My 2000 F250 recently has started to be hard or unreliable to drive somewhere fearing it won't start for the return trip.

Biggest problem is after it's been driven, but lately every other time when it's sat for awhile regardless of weather, it has to crank quite a bit to start but usually always does. After I've driven somewhere, go in do my thing, and start to return, it just cranks and cranks and cranks without sounding like it wants to fire at all. I carry my jump box and cables cause I've ran the batteries down enuff on two occasions trying to start. After it has sat for 90 minutes to 2 hours, and with a booster box for the now low batteries, it cranks and I keep the crank going until I hear the starter spon up and some combustion and voila.

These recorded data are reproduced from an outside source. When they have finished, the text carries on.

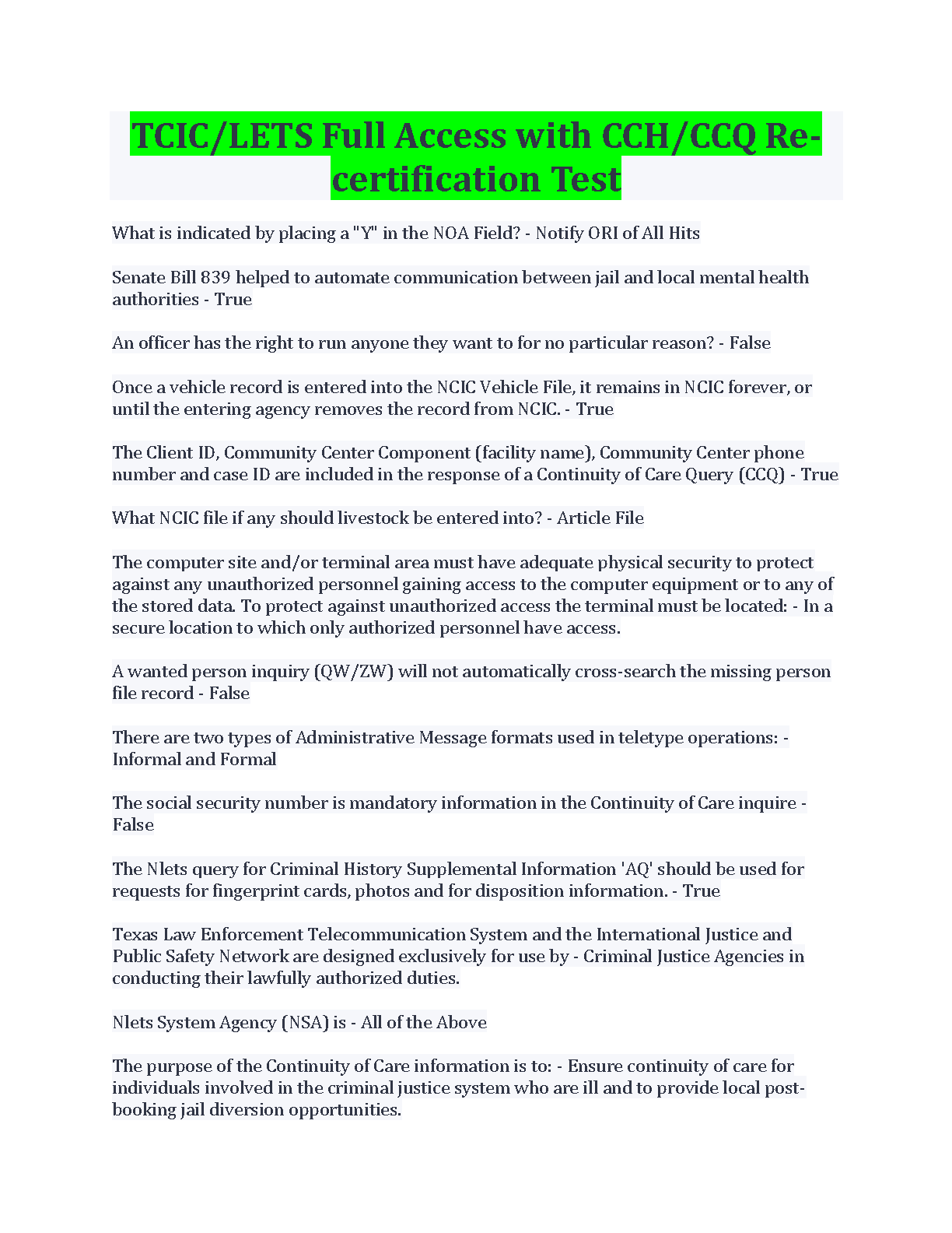 TCIC/LETS Full Access with CCH/CCQ Recertification Test - 2024/2025 Edition - Pass on the First Attempt
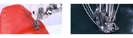 5.標(biāo)配10MM針位,氣動(dòng)中分外壓腳,平衡補(bǔ)償內(nèi)壓腳。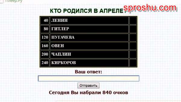 100 к 1. Кто родился в апреле ?(интерактивная игра)?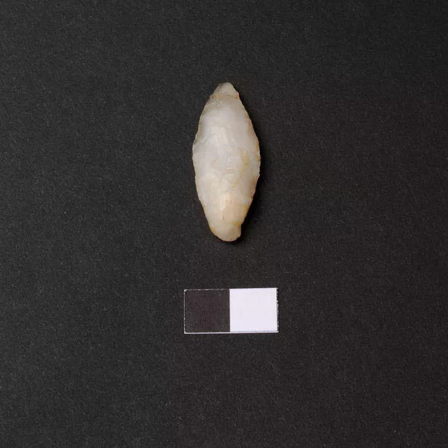 Objeto de uso doméstico de talla bifacial, elaborado en sílice opaco d...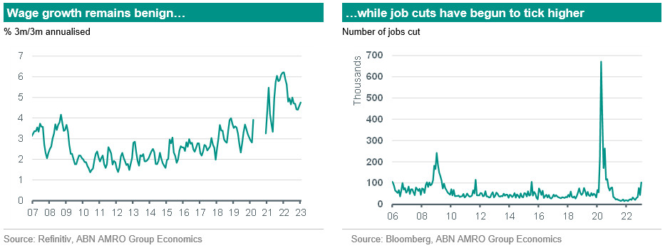 All told, the labour market has been even stronger than previously estimated. At the same time, wage growth has continued the benign trend of recent months, with hourly earnings rising again at a 0.3% m/m pace, which drove a further decline in annual earnings growth to 4.4% y/y from 4.8% in December.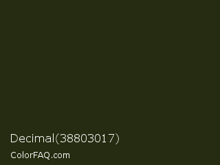 Decimal 38803017 Color is a very dark lime color and the nearest color is Black Olive #242e16. Hex code #262c11 and RGB value is rgb(38,44,17). In RGB color space, this color is composed of 15% red, 17% green, 7% blue, In CMYK color space, this color is composed of 14% cyan, 0% magenta, 61% yellow , 83% black , In HSL color space, this color has a hue angle of 73° , 44% saturation and 12% lightness.

Now other than keeping it running, I'm afraid to drive it anywhere where I have to turn it off. Happened again yesterday helping my inlaw change out a water heater.

My first gut feeling is maybe it's a fuel pressure thing? But I've "Binged" the problem and see something about oil pressure? to get the injectors to fire especially when the oil is warm and less viscous?

Where should I start and work towards more complicated? Where can I purchase a scantool for it?

I should also mention I only drive it when I need to use a truck (boat, dump, lumber, etc). It has approx 147k miles. And I had the recall done on it last year. Not sure if that would have any impact on it?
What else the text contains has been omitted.